SurveyForge: On the Outline Heuristics, Memory-Driven Generation, and Multi-dimensional Evaluation for Automated Survey Writing
Xiangchao Yan, Shiyang Feng, Jiakang Yuan, Renqiu Xia, Bin Wang, Bo Zhang, Lei Bai
2025-03-11
Summary
This paper talks about SurveyForge, an AI tool that writes academic summary papers by learning from human examples and checking its work against real standards to make them as good as human-written ones.
What's the problem?
AI-generated summary papers often have messy structures and wrong references, making them less reliable than those written by humans.
What's the solution?
SurveyForge first studies how humans organize papers, then writes drafts using trusted sources and refines them, while a special test (SurveyBench) checks quality in three key areas to ensure accuracy.
Why it matters?
This helps researchers save time writing summaries of existing studies while keeping them organized and trustworthy, making it easier to learn about new topics quickly.
Abstract
Survey paper plays a crucial role in scientific research, especially given the rapid growth of research publications.

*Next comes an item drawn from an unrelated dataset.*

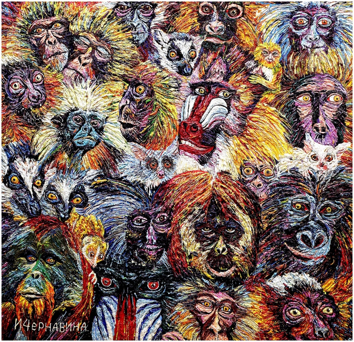 Ирина Чернавина – живописец и график, яркая, эпатажная художница со своим неповторимым стилем. Ее работы – оригинальный микс концептуальности, тонкого юмора, как в картине «По образу и подобию» и своеобразной техники мазка: часто полотно наводит на мысль о вышивке крестиком - без влияния отца-гобеленщика, как выясняется, не обошлось. Среди поклонников таланта Чернавиной тоже немало известных политиков, бизнесменов и деятелей искусства. Знаменита еще и тем, что студенткой вступила в союз художников России, став самым молодым его членом, а цикл картин ее картин однажды приобрели специально для съемок телевизионного сериала.

Recently, researchers have begun using LLMs to automate survey generation for better efficiency. However, the quality gap between LLM-generated surveys and those written by human remains significant, particularly in terms of outline quality and citation accuracy. To close these gaps, we introduce SurveyForge, which first generates the outline by analyzing the logical structure of human-written outlines and referring to the retrieved domain-related articles. Subsequently, leveraging high-quality papers retrieved from memory by our scholar navigation agent, SurveyForge can automatically generate and refine the content of the generated article. Moreover, to achieve a comprehensive evaluation, we construct SurveyBench, which includes 100 human-written survey papers for win-rate comparison and assesses AI-generated survey papers across three dimensions: reference, outline, and content quality. Experiments demonstrate that SurveyForge can outperform previous works such as AutoSurvey.